A monogamia é muito ineficaz para a fidelidade, caso contrário a traição não seria um comportamento tão comum. Não seria um genuíno hábito humano; por outro lado a monogamia tem sido assustadoramente eficiente como desculpa para os comportamentos mais animalescos. Em nome da monogamia e do ciúme, em defesa da honra do “corno” medíocre, violência e covardia de toda espécie acontece.


Reflita: A última vez que te quiseram em namoro, foi para satisfazer todas as suas necessidades afetivas, ou foi simplesmente para que você não consiga isso com outra pessoa e acabasse saindo desse relacionamento? Reflita...

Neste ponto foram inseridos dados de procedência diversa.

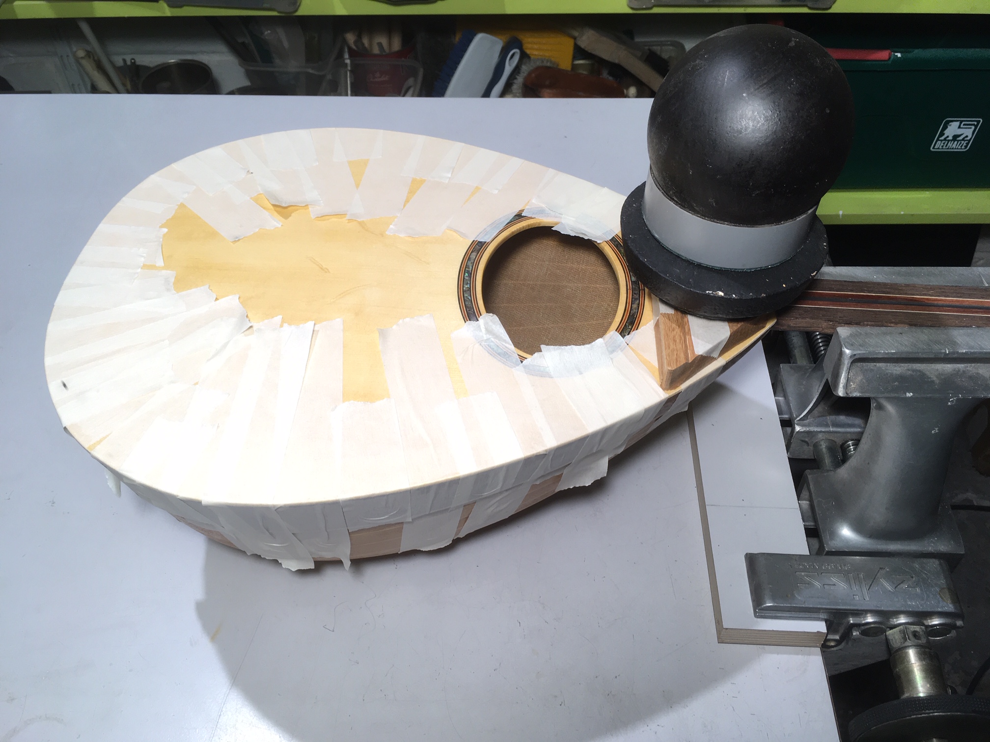 https://esomogyi.com/articles/principles-of-guitar-dynamics-and-design/, από το οποίο κράτησα μόνο ό,τι με συμφέρει γιατί είχα πάρει ήδη τις αποφάσεις μου και το μόνο που μου έλειπε ήταν λίγη θεωρητική υποστήριξη. Εστίασα λοιπόν στο απόφθεγμά του το ότι όλα στην οργανοποιία είναι έξυπνες μαντεψιές (Everything in lutherie is intelligent guesses) και σα γνήσιος εξυπνάκιας στρώθηκα στη δουλειά.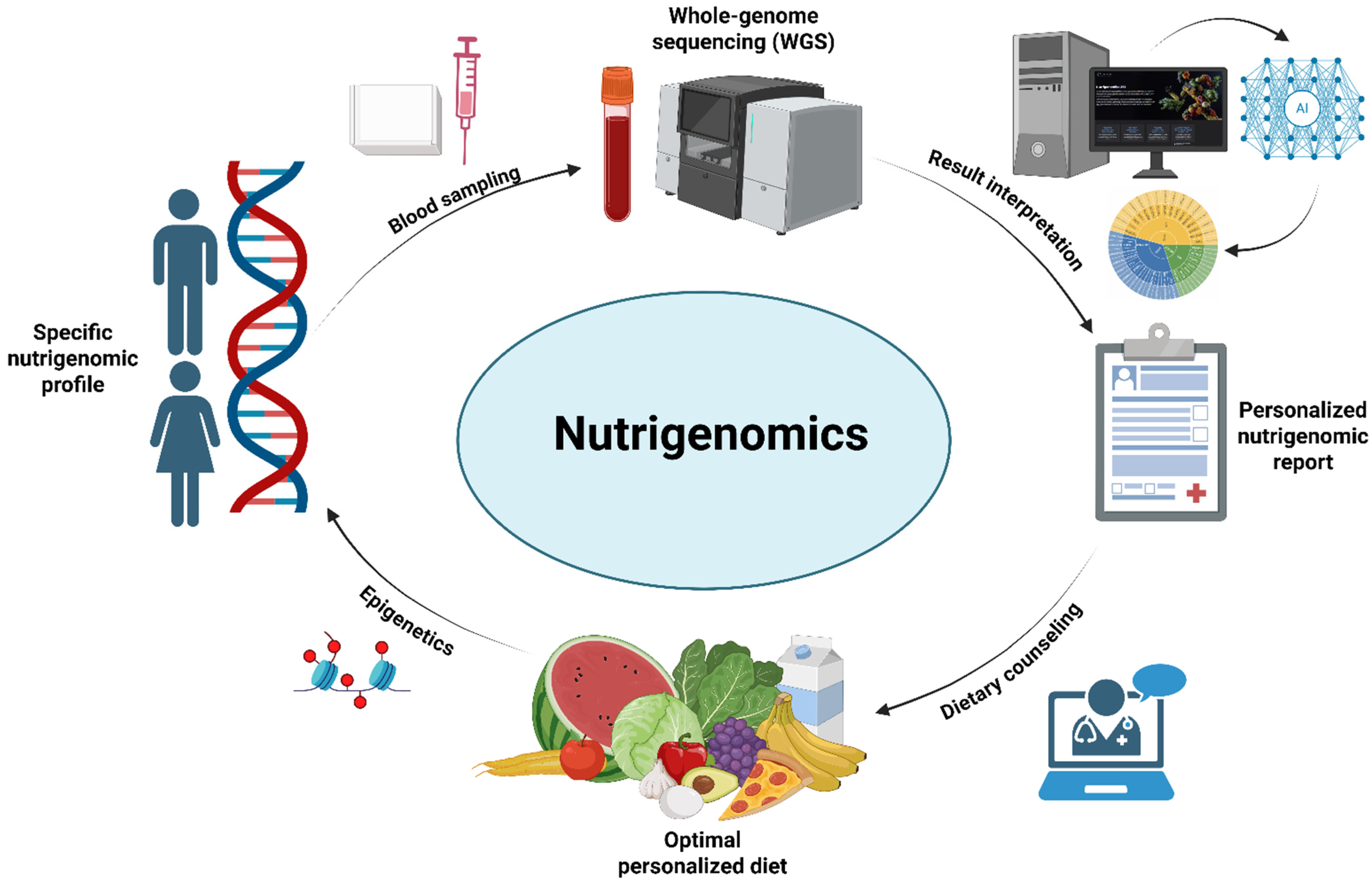 The second step of the analysis involved the generation of a personalized report for dietary recommendations. The internal database of the platform associates each of the five clusters with a set of foodstuffs that would be best suited for an individual with the established nutrigenetic profile. Once the patient has been sorted into a cluster, the nutrigenetic report is generated and can be exported for clinical use. Finally, the physician or nutritionist may use this report during consultation with the individual to more easily create a personalized dietary plan that takes genetics into account (

Talvez, em uma sociedade mais evoluída e civilizada, a monogamia não fosse uma condição e sim uma consequência de um desejo genuíno por uma pessoa, ou pela falta de desejo por outras; talvez em uma sociedade mais evoluída, as relações que já não são mais feitas como negócios diplomáticos, dê um passo além e passem a se consumar não pelo desejo da exclusividade sobre o outro, mas, sim, pelo desejo genuíno de conviver mais tempo com quem se gosta; talvez daqui alguns anos, casamentos se deem entre amigos, formando uma comunidade domiciliar de pessoas que se amam, não de pessoas que se vigiam e, quem sabe, o sexo com terceiros não defina o relacionamento que deve ou não existir, como vislumbrou a conversa entre a sexóloga Ana Canosa e a editora Barbara dos Anjos.


MC Kevin não precisava morrer por um comportamento tão banal. Em um relacionamento maduro ideal, a conversa sobre desejos e, eventuais, traições não deveriam ser um tabu, um risco de guerra conjugal. Deveria ser apenas uma conversa franca sobre vontades e necessidades humanas, como se conversa sobre culinária, ou nem isso, afinal, relacionamento não é confessionário. Na pior das hipóteses uma conversa madura e um combinado sobre término, indenização da mulher traída e liberdade para ambos viverem como quisessem. Debochar de perdas financeiras geradas por separações, vá lá. Mas a morte por uma traição, é totalmente desproporcional.


Independentemente das suas dúvidas, desconfianças e neuras, a monogamia é e sempre será uma incerteza, uma consequência de um relacionamento completo em si. Existem pessoas traídas que levam anos para descobrirem – isso quando descobrem – tal qual existem pessoas que nunca traíram e foram alvos de injúrias, cobranças, interrogatórios e violência.


Seja monogâmico, seja poligâmico a régua para saber quando um relacionamento deve terminar é uma só. Se te faz bem: mantém; se te faz mal: tchau-tchau.

Final feliz é regra de filme infantil. No mundo real, se está indo mal, “tchau-tchau”.